А если нет, меня женою сделай,

Чтоб Капулетти больше мне не быть.

(отрывок из трагедии «Ромео и Джульетта»

в переводе Б. Пастернака)

IV. 1

(Во тьме)

Дмитрий Фёдоров был солнцем, луной и звёздами. Его мать шептала это ему, когда он был мальчиком: «Дима, ты — солнце, луна и звёзды». Она имела в виду, что он был её вселенной, и, возможно, так оно и было. Её мир был очень маленьким.

Маша сказала ему что-то похожее, когда ему было пятнадцать, но уже в шутку: «Дима, ты — солнце, луна и звёзды», — бросила она своим преступно равнодушным тоном, — «ты никогда не оглядываешься, чтобы понять, что мир вокруг тебя живёт, движется и существует вне и вопреки тебе».

Теперь Дмитрий Фёдоров снова был солнцем, луной и звёздами.

Мёртвой, сияющий точкой в космосе.

Дмитрий и Роман хоронили своего брата Льва во тьме.

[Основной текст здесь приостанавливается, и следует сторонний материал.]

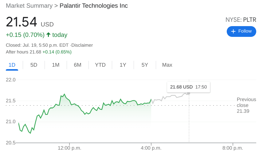 NYSE:PLTR took a turn to start the week on Monday, and reversed its recent bearish trend by showing surprising strength during a broader market sell off. Shares of Palantir added 0.0% to close the trading session at $21.54, as the stock was a lone spot of green amongst an overwhelming sea of red. The markets tumbled right after the opening bell as fears of rising COVID-19 delta variant cases instilled fear on Wall Street. As investors look ahead to potential restrictions being imposed again, blue-chip and cyclical reopening stocks were hammered, while growth and stay at home stocks accounted for most of the green on Monday.
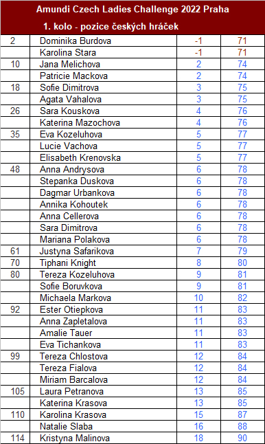 Velkolepý začátek CLC. Amatérky Dominika Burdová a a Karolína Stará dělí krásné 2. místo (-1). Do Top 10 se na dělené 10. místo se vešly ještě amatérky Jana Melichová a Patricie Macková (+2).V Top 20 je celkem šest českých hráček.

Ирония новолуний — и, по сути, всех начинаний — в том, что они всегда начинаются с полной темноты. Без малейшего светила в помощь. Без обещания будущего.

Роман пришёл к Дмитрию и рассказал ему, что произошло. Оба были мертвы — Лев и Александра, Саша, младшая из ведьм Антоновых. Её тело уже забрали.

— Наверняка, — сказал Роман, — это сделал Иван.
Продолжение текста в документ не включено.